- Born: 1903 Tongcheng, Anhui, China
- Died: 1992 (aged 88–89) Harbin, China

= Chen Guangxi =

Chinese engineer, computer scientist, and professor

Chen Guangxi (陈光熙; 1903–1992) was a Chinese engineer, computer scientist, and professor who founded the discipline of computer science at the Harbin Institute of Technology.

== Early life ==
Chen Guangxi was born in Tongcheng, Anhui Province, on May 21, 1903, with his ancestral hometown in Shangyu, Zhejiang. His father was a former Qing dynasty government official.

In May 1920, Chen left China to study and work in France. In 1922, Chen graduated as an agricultural machinery student and obtained a degree in agricultural mechanics. In 1929, he graduated from the School of Engineering of the University of Leuven, Belgium with degrees in Process Manufacturing, Civil Engineering and Mining Engineering. In 1930 he graduated from the Graduate School of Geology and obtained a degree in engineering geology.

Chen returned to war-torn China in October 1930. He found a faculty place to teach mathematics in a middle school in Beijing after one year of unemployment. He successively worked as a lecturer at National Labour University, a course interpreter in the Chinese Northeast Navy in Qingdao, a physics and chemistry teacher in Kaifeng and a math teacher in Beijing Fu Jen Catholic University high school successively. In September 1933, he worked as a lecturer in the Department of Mathematics and Physics at Fu Jen Catholic University. In September 1938, he was promoted to professor by Fu Jen.

In 1945, at the end of the Second World War, Ministry of Education of the Chinese Nationalist Government newly founded the National Peking Senior Industrial Vocational School and appointed Chen Guangxi as principal. In late 1949, upon the establishment of Communist China, Chen joined a design institute in the Ministry of Machinery Industry and worked as the chief engineer.

Chen paid close attention to electronic computers were introduced in western countries in early 1950s. In 1957, he left for Harbin. At Harbin Institute of Technology, Chen initiated the first electronic computer discipline in China.

== Research career ==

=== Analog computer ===
In 1958, Chen and his team developed the first-ever structural analog computer in China. The machine could speak a few words and play chess. This intelligent chess-playing computer could calculate 40,000 times per second, was capable of logical reasoning, and could complete specific tasks of judgment.

=== Magnetic core ===
In 1963, Professor Chen presided over the development of ultra-small magnetic core, the precondition for the development of megacomputers. Later, under the guidance of Chen, the team carried out the magnetic core molding experiment of "rolling into a belt and rubbering into a core" and achieved success. This method was cutting-edge, was quickly promoted in China. The molding technology supported the development of high-speed large-capacity memory and the manufacturing of transistor computers and small-scale integrated circuit computers. This project was a major contribution to the development of computer technology in China.
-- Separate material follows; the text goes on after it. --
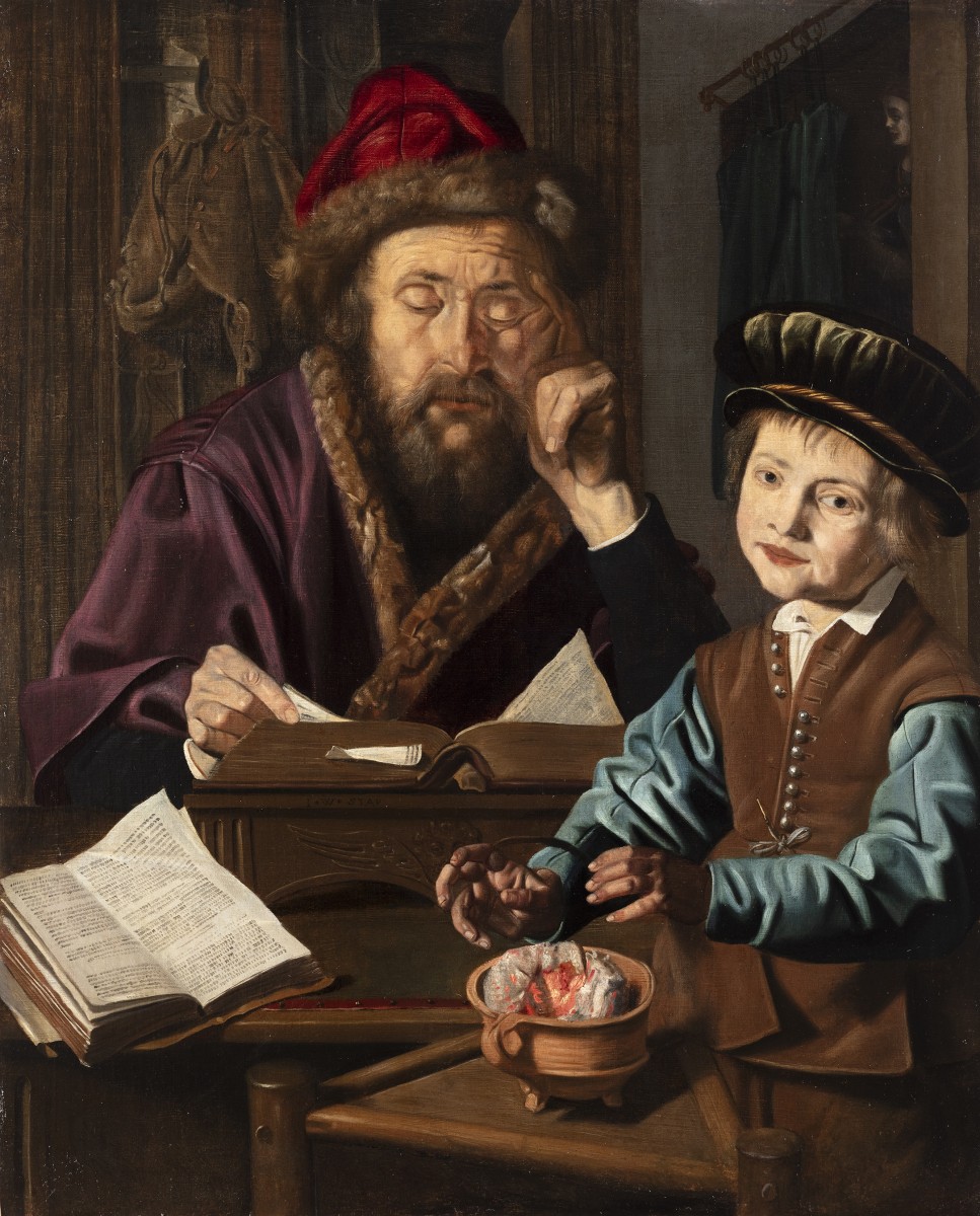 This unusual and finely preserved canvas is best read as an allegory of winter, both seasonal and spiritual. A richly dressed older man red-nosed, tired-eyed sits inside a shadowy interior with a child by his side, their hands extended toward a small brazier. The painting plays on multiple levels. On the surface, it’s a literal scene of winter warmth bundled figures huddled indoors, surrounded by books and account papers. But as in Stap’s better-known compositions, there’s a deeper allegorical layer at work. The brazier (often a vanitas symbol), the meditative pose of the man, and the intergenerational exchange of warmth, hint at broader themes of aging, wisdom, transience, and stewardship.

=== Fault-tolerant computer system ===
Chen was praised as pioneer of fault-tolerant computer system research in China for his research in this field. In 1973, Chen Guangxi, 70 years old, proposed a major research project to solve the problem of computer reliability, and worked on computer fault tolerance technology. The project was listed as a national project by Chinese Commission for Science, Technology and Industry for National Defense, and received a research fund of over 1 million Chinese yuan.
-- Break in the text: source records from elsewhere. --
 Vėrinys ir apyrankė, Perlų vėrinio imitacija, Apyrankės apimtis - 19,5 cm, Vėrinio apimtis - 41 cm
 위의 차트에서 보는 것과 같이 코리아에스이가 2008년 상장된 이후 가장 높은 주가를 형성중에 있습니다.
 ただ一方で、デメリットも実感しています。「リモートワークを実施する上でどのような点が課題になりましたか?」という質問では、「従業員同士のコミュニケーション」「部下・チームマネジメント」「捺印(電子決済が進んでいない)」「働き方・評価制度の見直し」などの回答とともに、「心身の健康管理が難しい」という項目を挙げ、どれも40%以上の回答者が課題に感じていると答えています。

Chen and his development team successfully developed RCJ-1, China's first fault-tolerant computer and "a dual-mode fault-tolerant system with self-test and self-correction". and its reliability increased by more than four times. Chen Guangxi also co-published the first fault-tolerant computing monograph "Diagnosis and Fault Tolerance of Digital Systems" in cooperation with Professor Chen Tingyu of Chongqing University. In 1981, it was published by the National Defense Industry Press and became a national textbook.

Chen's computer fault-tolerant research team has achieved a number of impressive achievements, and has established a high prestige in China's aerospace industry, banking system and high-reliability computing field. The fault-tolerant technology was applied in the Chinese crewed spaceflight program Shenzhou.

=== Other projects ===
Chen has also guided other research projects such as algorithm hardware implementation and database machine, and have achieved significant scientific and technological achievements. Chen has won a number of first and second prizes of National Science and Technology Progress Award. The computer science discipline Chen initiated in HIT was listed key discipline, opened up key laboratories and postdoctoral research stations, and continued to play a leading role in China.

== Legacy ==
In 2005, a bronze statue of Chen Guangxi was unveiled in the School of Computer Science and Technology, HIT.